Same tune, different verse
digby has a must-read piece today contextualizing racially-based sexual violence. I'm always amazed that the narrative surrounding these incidents treats them as aberrations rather than the norm.
There's a hair's breadth of difference between incidents like these and a full-on lynching, and in an environment where immigrants - specifically Mexican and other Central American immigrants - are being criminalized and dehumanized (if you want examples, I suggest dropping in on random threads at Free Republic or Little Green Footballs - you'll have to find those on your own. No linky-links from me), these might be the leading edge of another wave of racially-motivated violence.
digby sez:
And once again, I have to ask about the forced sodomy.
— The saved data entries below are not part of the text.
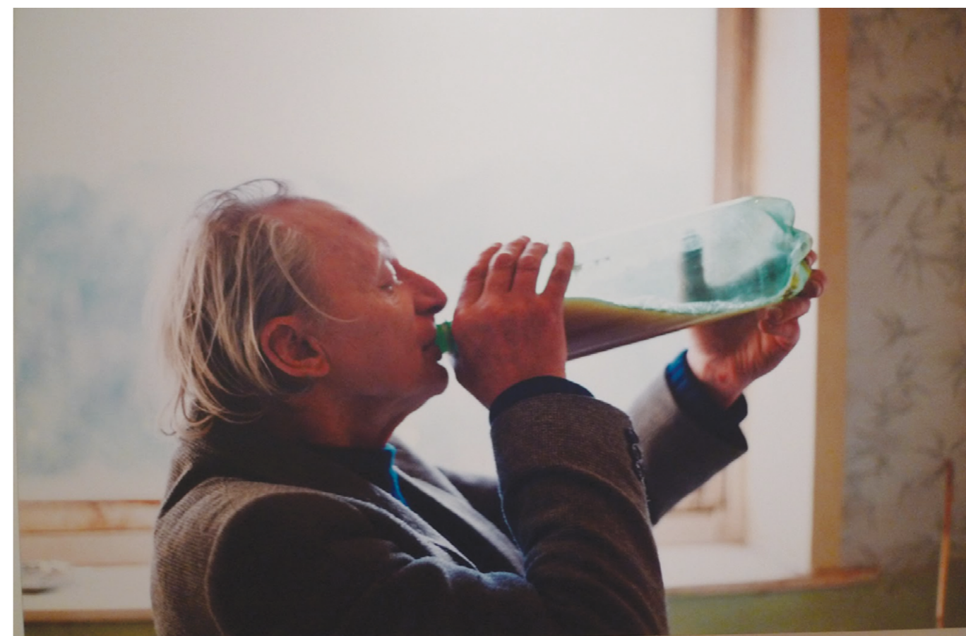
Photography: Richard Billingham, from „Ray’s a Laugh” Series

Richard fotografoval svou rodinu šest let od roku 1990. Jeho otec byl pravděpodobně na úspěch syna pyšný, ale v umění se nevyznal a jeho vášni nerozuměl.
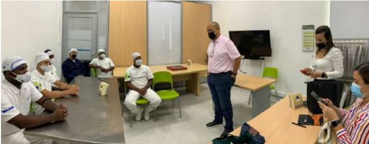
GESTIÓN CARGO CARTAGENA
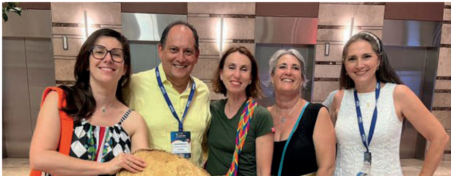
Foto 9. Las esposas y familias de los Pilotos Prácticos son fundamentales en esa profesión. Gracias por acompañarnos y por apoyar la tarea.

Nos complace sumergir a nuestros lectores en un viaje visual a través de una cuidadosa selección de cautivadoras fotografías que capturan los momentos más emblemáticos y significativos del Segundo Congreso de Lecciones Aprendidas ANPRA. Estas imágenes nos invitan a revivir los instantes llenos de inspiración, conocimiento y camaradería que marcaron este destacado evento. Únete a nosotros en este recorrido que nos transportará nuevamente a través de la experiencia inolvidable del congreso, recordando la importancia de compartir y difundir el aprendizaje en el ámbito marítimo y fluvial.
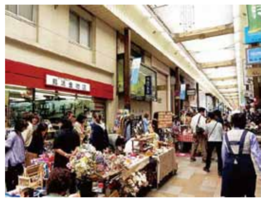
ポポロハスマーケットの様子 (Facebook ページより)

「魅力的なサービスな空間設計等によりデザインされた時間」を顧客が消費することを「コト消費」と位置づけ、需要と供給を同じ時間・場所で発生させるために複数のサービスが近辺の集積することが大事だとし、地域を一体的・面的にマネジメントすることが重要であるとしている。
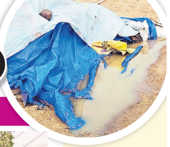
వెంకటాపూర్ (నూగూరు)లో తడిసిన ధాన్యం
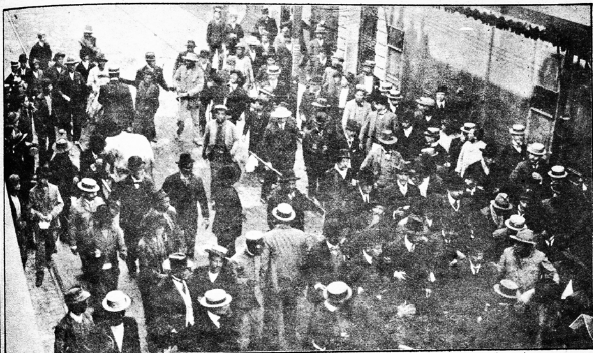
Las manifestaciones de 1930 marcaron los primeros hitos de las reivindicaciones sociales aún en germen.
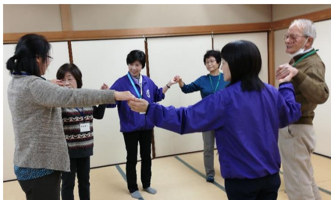
豊里交流センターにて
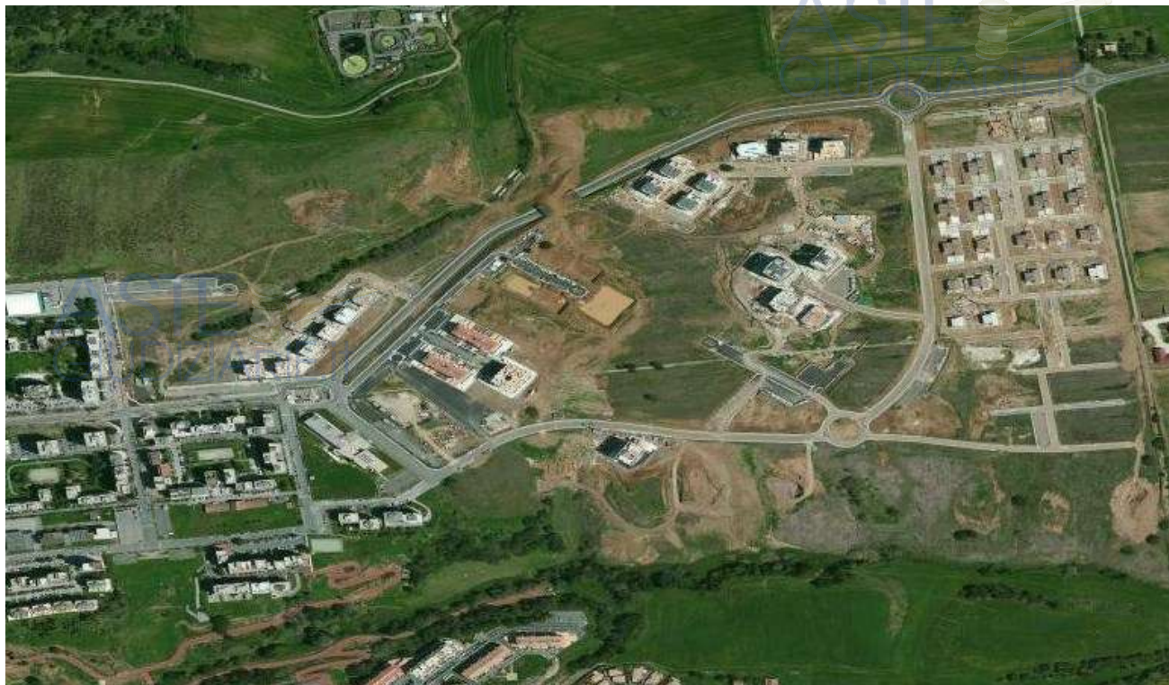
2 - COMPRESORIO P13 - AREA PER EDIFICI A TORRE A8 - A9
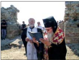
Сивенски митрополит Йоанний благославя възобновяването на проучаваната на остров Св. Иван

На 12 ноември 2010 г. по решение на Св. Синод на БПЦ и с благословението на Негово Высокопреосвященство Сивенски митрополит Йоанний, в чийто домове е хранилището на гръцките мощи бяха транспортирани до София за поклонение в катедралния храм-паметник „Св. Александър Невски“. Мощите на св. Йоан Кръстител бяха посрещнати от архиепископа от Сивенска митрополия, преосвящените епископи и многобройно свещенство при празнично бие
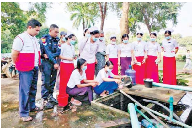
ရေတင်ကျန်နိုင်သော ဘူးခွက်များ၊ ရေပုံး၊ ရေအိုးများ၊ ဘုရားပန်းအိုးများကို ဖုံး၊ သွန်း၊ လဲ၊ စစ်လုပ်ငန်းများ ဆောင်ရွက်ပြီး ရေတိုင်ကီနှင့် ကျောက်စည်ပိုင်း၊ ရေအုတ်ကန်များအတွင်း အဘိတ်ဆေးခတ်ခြင်း၊ ကျန်းမာရေးအသိပညာပေးဟောပြောခြင်း၊ ပတ်ဝန်းကျင်

အလုံ ဇန်နဝါရီ ၂၉ ရန်ကုန်တိုင်းဒေသကြီး အလုံ မြို့နယ် ပြည်သူ့ကျန်းမာရေးဦးစီးဌာနနှင့် ပူးပေါင်းအဖွဲ့များက ယမန်နေ့ နံနက်ပိုင်းက ရောဂါတိုက်ဖျက်ရေးအဖွဲ့ဝင်များက ရုပ်ကွက်သို့ကွင်းဆင်း၍ သွေးလွန်တုပ်ကွေးရောဂါ ကာကွယ်ရေးလုပ်ငန်းများကို အရှိန်အဟုန်မြှင့်ဆောင်ရွက်ခဲ့သည်။
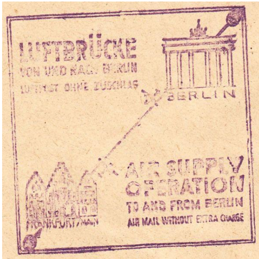
Stempel: Air Supply Operation
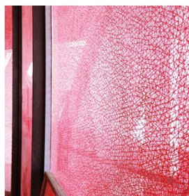
Para imprimir imágenes precisas y duraderas en fachadas de cristal con SEFAR GLASSLINE 68/175-95W
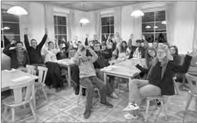
Das neue Jugendforum

Die dreijährige Amtszeit des Jugendforums Roggenburg ist zum Jahresende ausgelaufen. Die Vereine und Organisationen haben neue Mitglieder benannt, die sich zu Ihrer ersten Sitzung am 18.03.2025 im Haus der Vereine, Biberach, getroffen haben.
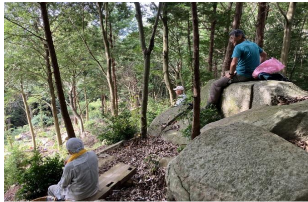
<お昼ごはんはベンチに座って頂きます>
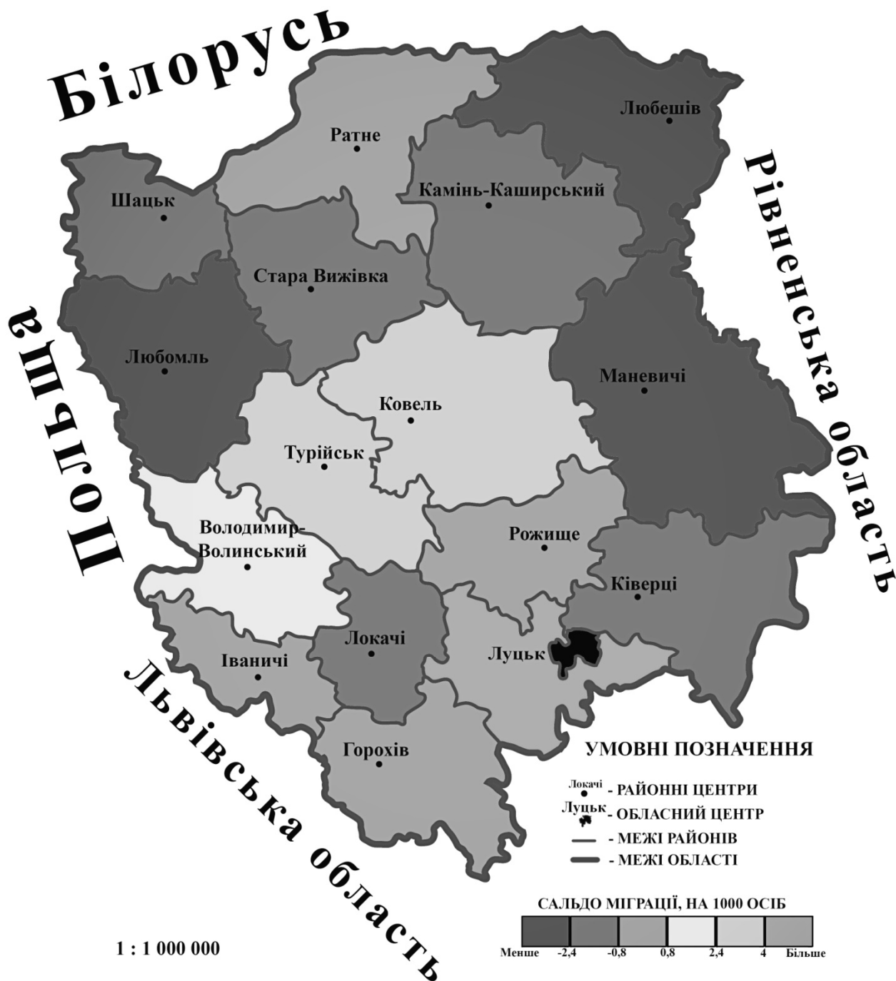
Рис. 3. Картосхема міграційних рухів населення у межах Волинської області у 2017 р.

структурі мігрантів не має значного впливу на процеси укладання шлюбу та інтенсивність відтворення населення у межах області, адже для третинного співвідношення статей характерне переважання жіночого населення над чоловічим [2, с. 405].
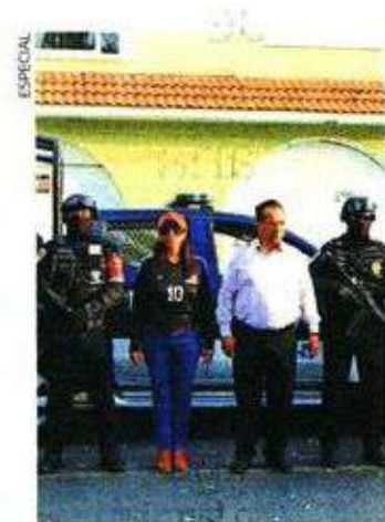
VC reportó mil 462 delitos de alto impacto en 2023, según la FGJ.

desplegadas en la mayoría de las colonias recibieron mantenimiento.
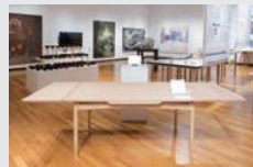
「エクステンション ダイニングテーブル」 栗井 咲佳
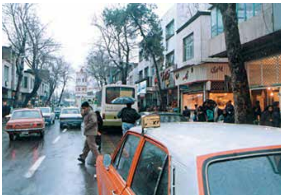
شکل ۱۰-۲- خیابان جمهوری اسلامی شهر ساری

به نظر شما اثرات مثبت و منفی مهاجرت به استان مازندران چیست؟
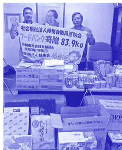
社会福祉法人 緑樹会職員互助会 職員の皆さんから募って頂いた 食料品を寄贈
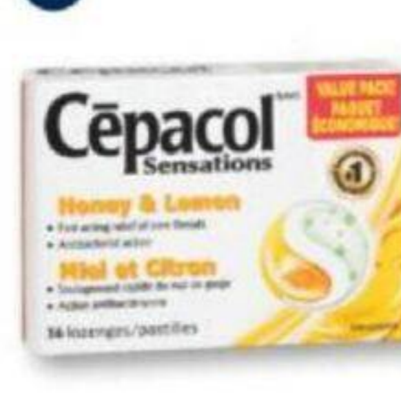
CÉPACOL ou/ou STREPSILS Pastilles/Lozenges, 24 ou/ou 36 unités/units
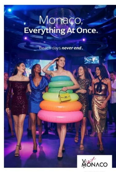
全 6 種類の新キャンペーン<Monaco, Everything At Once. (全てが叶う国、モナコ)>キャンペーンビジュアル
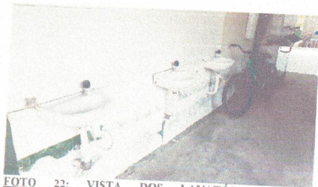
FOTO 22: VISTA DOS LAVATÓRIOS A REVITALIZAR C/ BANCADA E INSTALAÇÕES.
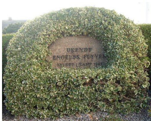
Gravstedet på Dråby kirkegård.

Det andet gravsted (foto til højre) over en uidentificeret flyver er på Dråby kirkegård, lige syd for kirken. Liget af flyveren drev i land på Boeslum Strand 29. juli 1945, og flyveren blev begravet 1. august uden at
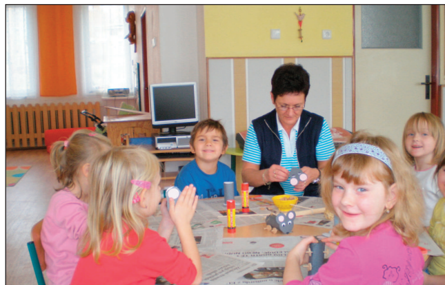
Děti v novém kroužku Tvořivá dílna
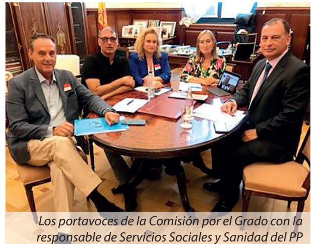
Los portavoces de la Comisión por el Grado con la responsable de Servicios Sociales y Sanidad del PP

Atessa, como organización más representativa de los Técnicos Superiores Sanitarios en Galicia, trabaja por y para la consecución de los objetivos marcados, en busca de que nuestra reclamación se haga visible tanto en nuestro terri-
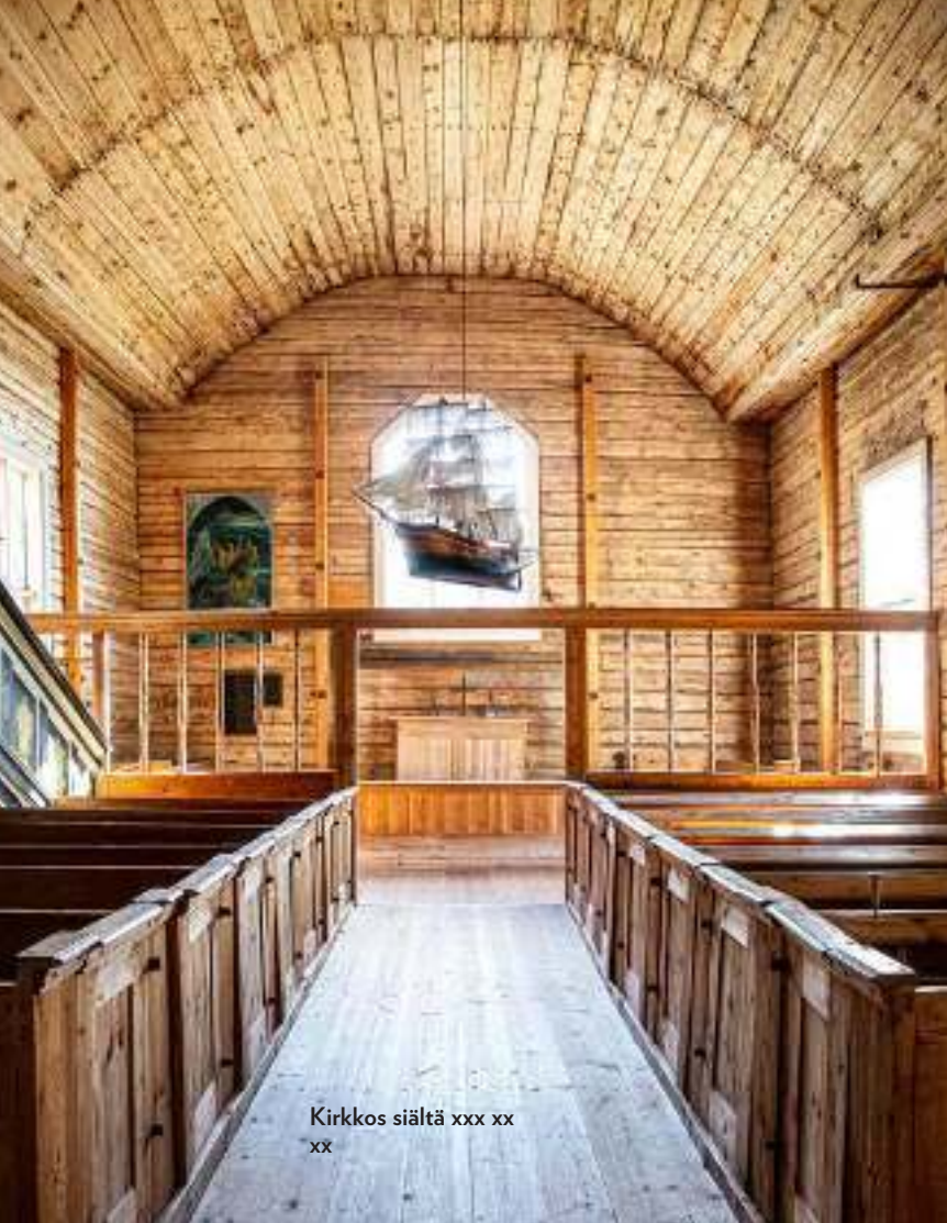
Kirkkos siältä xxx xx xx

Is it that men were always raping other men with objects and nobody talked about it, or is this becoming more common? [emphasis added] This particular form of violence is showing up everywhere from Abu Ghraib to the less physically brutal but equally terrifying "hazing" of grade school kids. And the common denominator in all of this is that it's being excused by the rightwing moralists. What in the hell is up with this?Indeed. The answer to the bolded question is, unfortunately, that men were (and are) "raping other men (and women) with objects and nobody talked about it" with an alarming degree of frequency, and that the U.S. certainly isn't the only - or for that matter, the worst - offender. That this racially- or ethnically-motivated violence has such sexualized overtones shouldn't surprise us, given the prevalence of misogynist political-economies and cultural regimes the world over.
The question to us is how do we fix the societal context of a virulently racist society which enables these explosions of hate-based violence? I'm all ears and willing to take my share of the responsibility and do my share of the work.